Problem statement:
Omit the pictures and reproduce the rest of the listing exactly.

Information shown:
··········
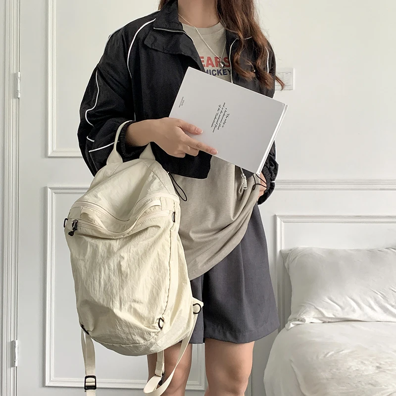 Korean Nylon Lightweight Backpack Goose Yellow Ribbon Shoulder Strap Lady Backpacks Large Capacity Student Fashion Schoolbag
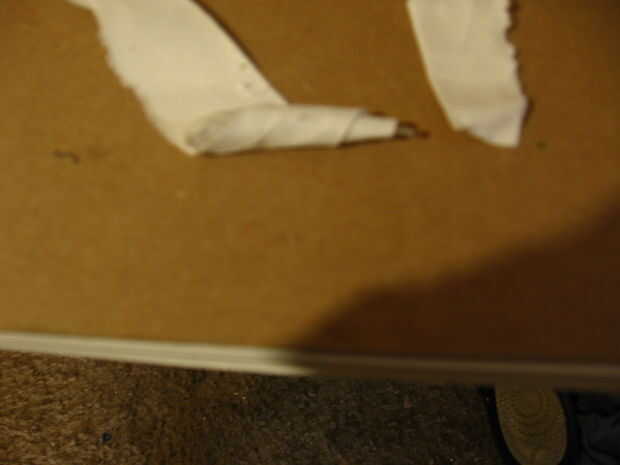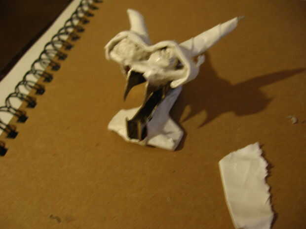formar un cuerno doblando un 4 x 1.5 en tira en tercios largos formas creando un 4 x.5 pulgadas tira y rodar en una espiral clockways de cono. cajón de la segunda girando contra-clockways. Coloque estos detrás de los ojos.
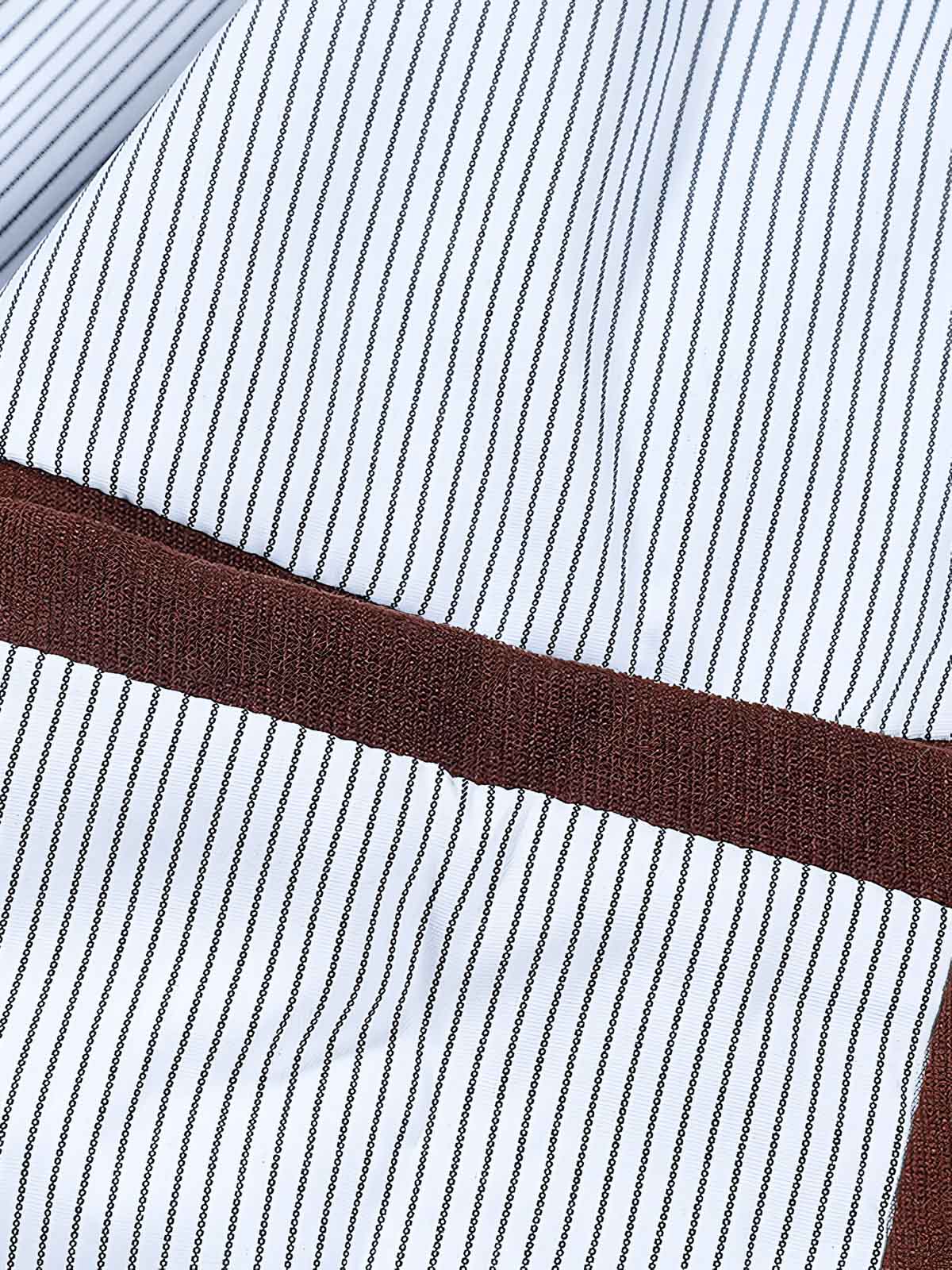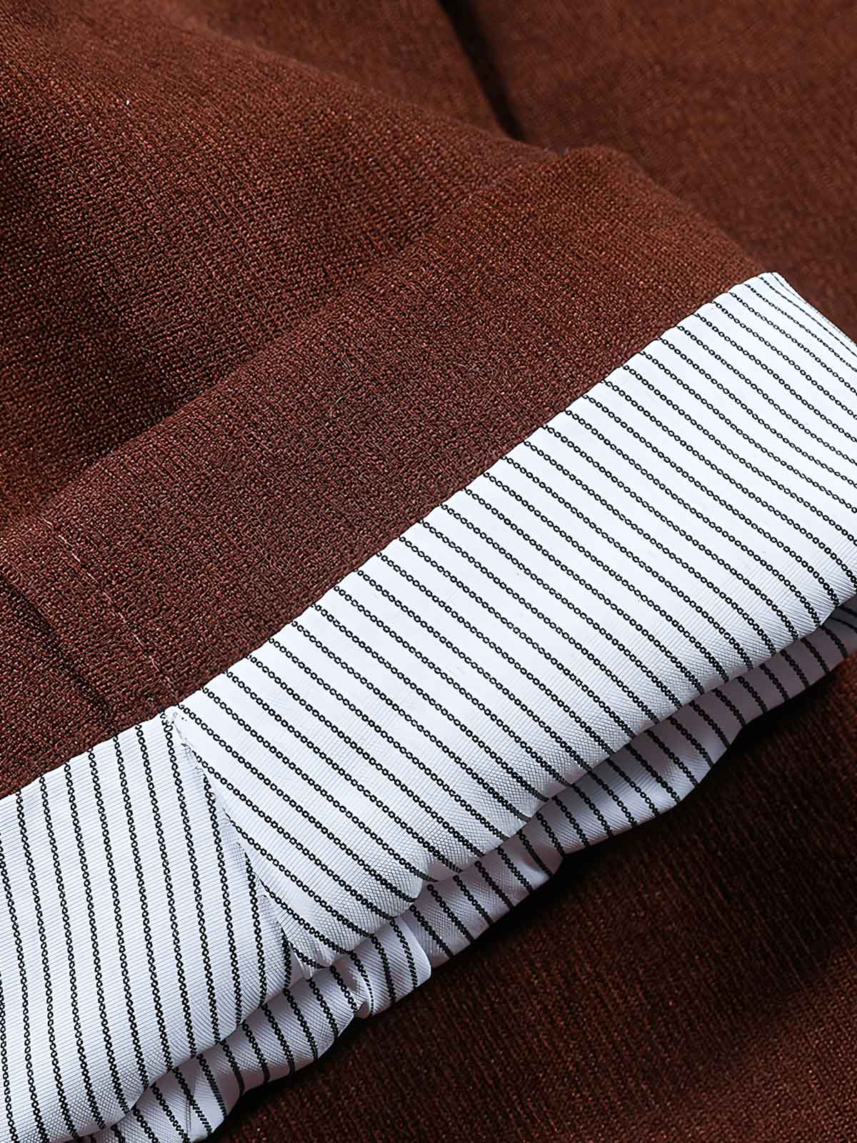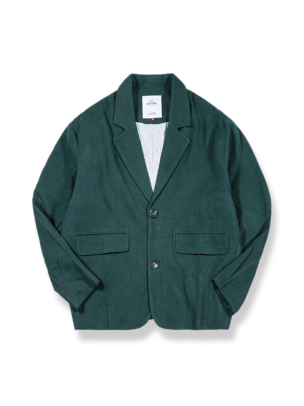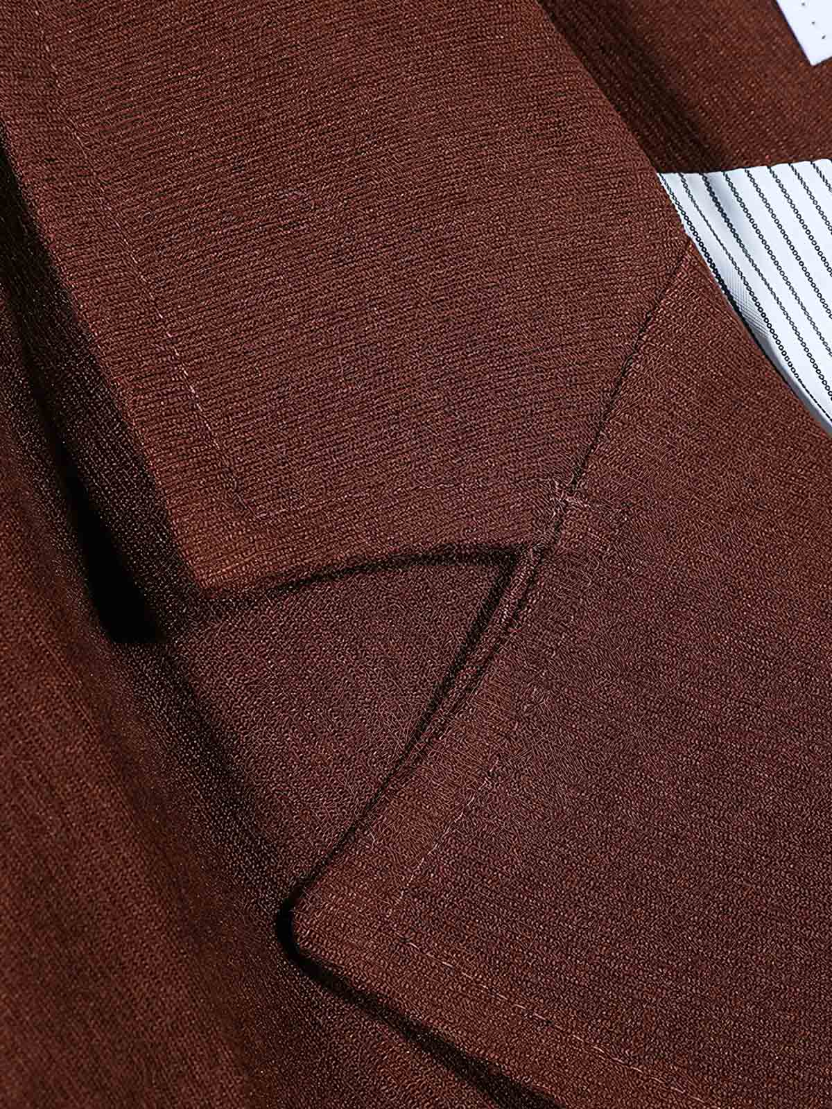 このスーツはリラックスしたゆったりとしたシルエットを採用し、快適さとカジュアルなスタイルを強調しています。伝統的なスーツのタイトなカッティングとは異なり、よりリラックスした着心地を提供しながら、翻り襟やフロントポケットなどのスーツの基本要素を保持し、外見の整頓さと機能性を確保しています。
··········
Written answer:
 Korean Nylon Lightweight Backpack Goose Yellow Ribbon Shoulder Strap Lady Backpacks Large Capacity Student Fashion Schoolbag
formar un cuerno doblando un 4 x 1.5 en tira en tercios largos formas creando un 4 x.5 pulgadas tira y rodar en una espiral clockways de cono. cajón de la segunda girando contra-clockways. Coloque estos detrás de los ojos.
 このスーツはリラックスしたゆったりとしたシルエットを採用し、快適さとカジュアルなスタイルを強調しています。伝統的なスーツのタイトなカッティングとは異なり、よりリラックスした着心地を提供しながら、翻り襟やフロントポケットなどのスーツの基本要素を保持し、外見の整頓さと機能性を確保しています。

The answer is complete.